From the soil to our bodies, minerals are essential to life, and that is what the author explores in this volume. Kane shows minerals in a new way and lauds the beauty of their presence, taking complex science and breaking it down into something that is easy to understand; and yet, he is unafraid to tackle complex scientific explanations. While explanations of terms like “mineral uptake” and anions are not usually riveting, this author does a fantastic job of making it feel less like reading a science text and more like exploring a world that is wonderful and strange. Indeed, this story of minerals is remarkable.

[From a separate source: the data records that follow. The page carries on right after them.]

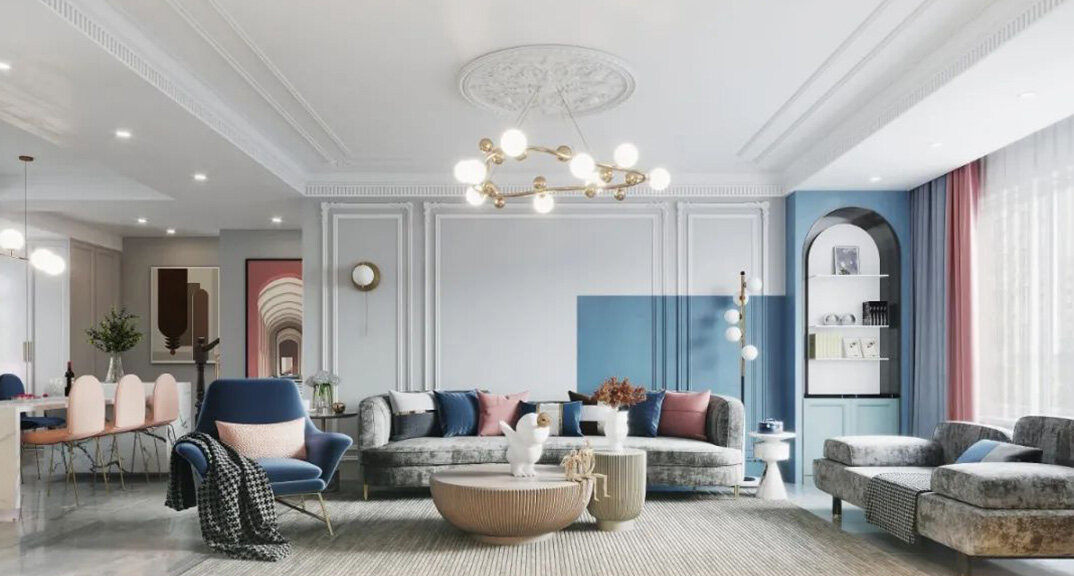 本期帶您看看一個(gè)法式輕奢風(fēng)的家居空間設(shè)計(jì),以淺色為主色調(diào),用少許亮色點(diǎn)綴,組成了柔和、舒適的體驗(yàn)感,去感受幸福而又美好的氣息。以現(xiàn)代舒適的法式輕奢風(fēng)為基調(diào),選用莫蘭迪色和金屬元素的融合,在自然光線的映襯下,高級(jí)感十足。
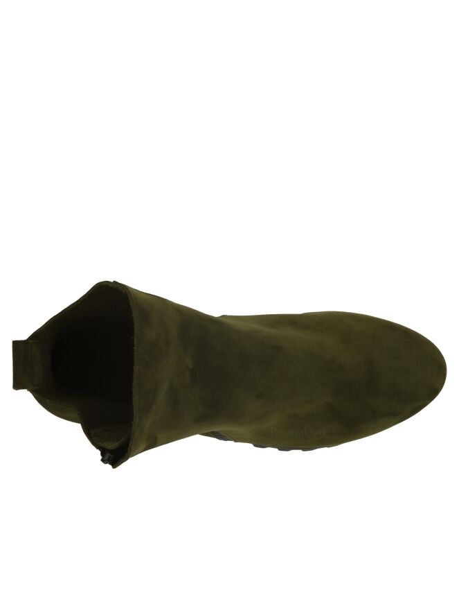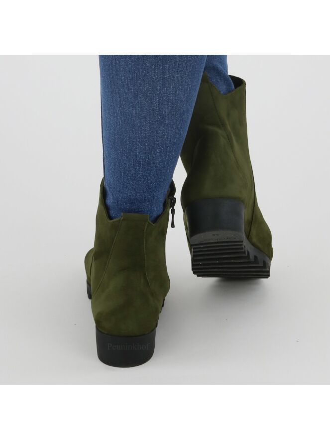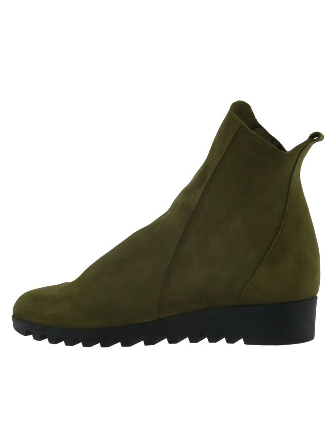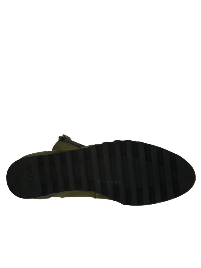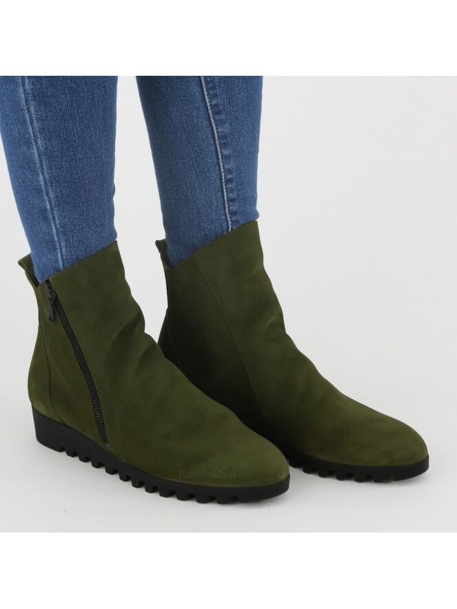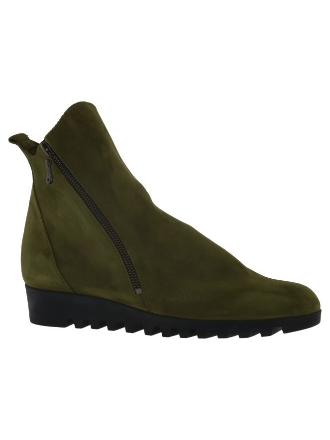 Eine kurze Stiefelette der Schuhmarke Arche in Grün. An der Außenseite befindet sich ein schwarzer Reißverschluss. Die Sohle ist gezackt. Die Stiefelette ist vorne abgerundet und nicht gefüttert.
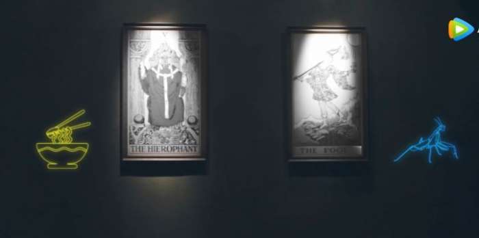 一号密室需要你在牛肉面和螳螂中做出选择。中间有两副壁画,实际是塔罗牌的5号教皇和0号愚者:

This book also addresses many misconceptions people have about minerals, as well as how synthetic minerals are not absorbed the same as ones found naturally in plants. Part science text, part nutrition guide, this is an eye opening read for anyone not familiar with the multifaceted roles minerals play in our lives.
While the science can get a little heavy in places, mostly this book explains things in an engaging and confident voice, the narrative filled with a beautiful, child-like wonder at the amazing-ness that is minerals and the world we live in, the processes that made us. From the micro to the macro, from the hearts of stars and carried through the universe, after looking at minerals this way, it’s impossible not to celebrate with the author at the complexity in all of us, even a simple apple, and marvel at how we are all made of stars, celebrating the beautiful complexity that is life.